I'm not sure what a good solution could look like - I don't see a simple way to calculate disk usage without iterating over files.

I think the problem is that it seems to iterate over every file in the image filesystem, which could be an entire operating system's worth (eg. if the image is based on Debian) for every container present. It should just iterate the writable layer.

dashpole · 2018-05-08T16:22:48Z

every file in the image filesystem

This shouldn't be the case, we only run du and find on the writable layer of containers. We also run it on logs and empty-dir backed volumes as well.

dims · 2018-05-08T17:30:16Z

@meeee fyi, we already have a limit of concurrent commands to 20 - https://github.com/google/cadvisor/blob/master/fs/fs.go#L51

glennschmidt · 2018-05-09T00:48:14Z

@dashpole It doesn't seem to be cadvisor that's running du, in my case it's kubelet
Below is an excerpt from pstree -al

  ├─kubelet --allow-privileged=true --cgroup-root=/ --cloud-provider=aws --cluster-dns=x.x.x.x --cluster-domain=cluster.local --enable-debugging-handlers=true --eviction-hard=memory.available<100Mi,nodefs.available<10%,nodefs.inodesFree<5%,imagefs.available<10%,imagefs.inodesFree<5% --feature-gates=ExperimentalCriticalPodAnnotation=true --hostname-override=x.x.x.x --kubeconfig=/var/lib/kubelet/kubeconfig --network-plugin-mtu=9001 --network-plugin=kubenet --node-labels=kubernetes.io/role=node,node-role.kubernetes.io/node= --non-masquerade-cidr=x.x.x.x/y --pod-infra-container-image=gcr.io/google_containers/pause-amd64:3.0 --pod-manifest-path=/etc/kubernetes/manifests --register-schedulable=true --require-kubeconfig=true --v=2 --cni-bin-dir=/opt/cni/bin/ --cni-conf-dir=/etc/cni/net.d/ --network-plugin-dir=/opt/cni/bin/
  │   ├─du -s /var/lib/docker/overlay/60dd6beb9dd341602b06c768620184d6ff1c55fe01b93e6a2f9bd1d99ba4fba6
  │   ├─du -s /var/lib/docker/overlay/51880e03db78fd63d108a637c0f2f5d22b06892486c5ba9028efb02f79bbcfa9
  │   └─33*[{kubelet}]

If it was measuring the writable layer, I think the overlay path would end with /upper

dims · 2018-05-09T02:17:25Z

@glennschmidt the cadvisor code is running as part of the kubelet ( it's started here https://github.com/kubernetes/kubernetes/blob/master/pkg/kubelet/kubelet.go#L670 )

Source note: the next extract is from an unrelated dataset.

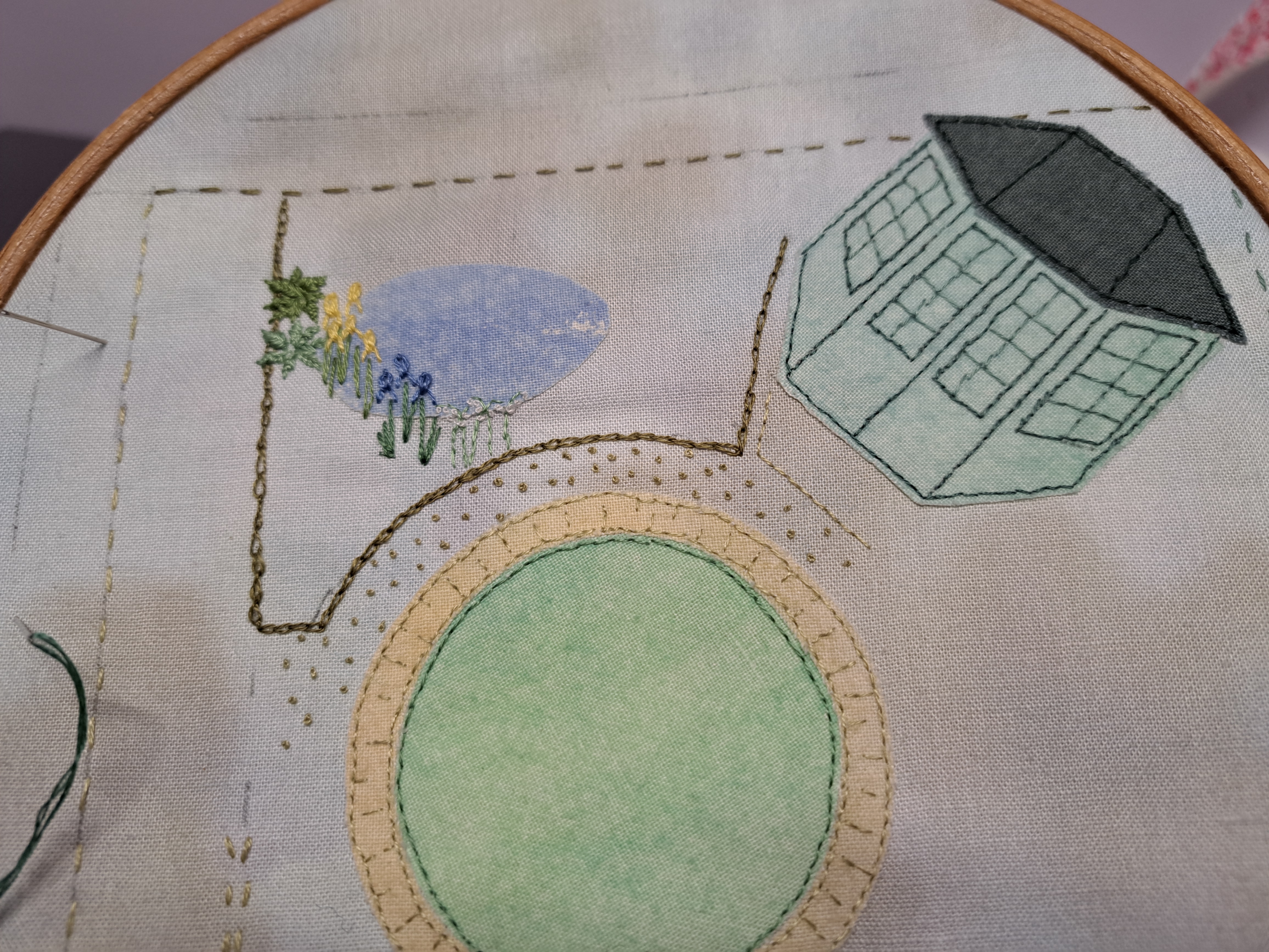 I’ve begun to embroider the plants round the pond, so there’s a couple of hostas, some irises and some solomon’s seal…

dashpole · 2018-05-09T16:30:09Z

@glennschmidt Monitoring the writable layer for overlay was fixed in 1.10. Overlay2 was fixed in 1.9

glennschmidt · 2018-05-10T00:46:50Z

@dashpole Kubernetes 1.10? Hmm..I'm using 1.8 so in that case I don't know what's going on.

I'm fairly confident it's measuring the whole filesystem. My writable layers are tiny (<20 files and <50KB) so I doubt i'd be seeing these problems if it was just looking at the writable layers.

dashpole · 2018-05-11T16:54:38Z

@glennschmidt it is measuring the whole filesystem. I am saying that the issue is fixed in newer versions. It affects older versions going back to 1.4, when it was added.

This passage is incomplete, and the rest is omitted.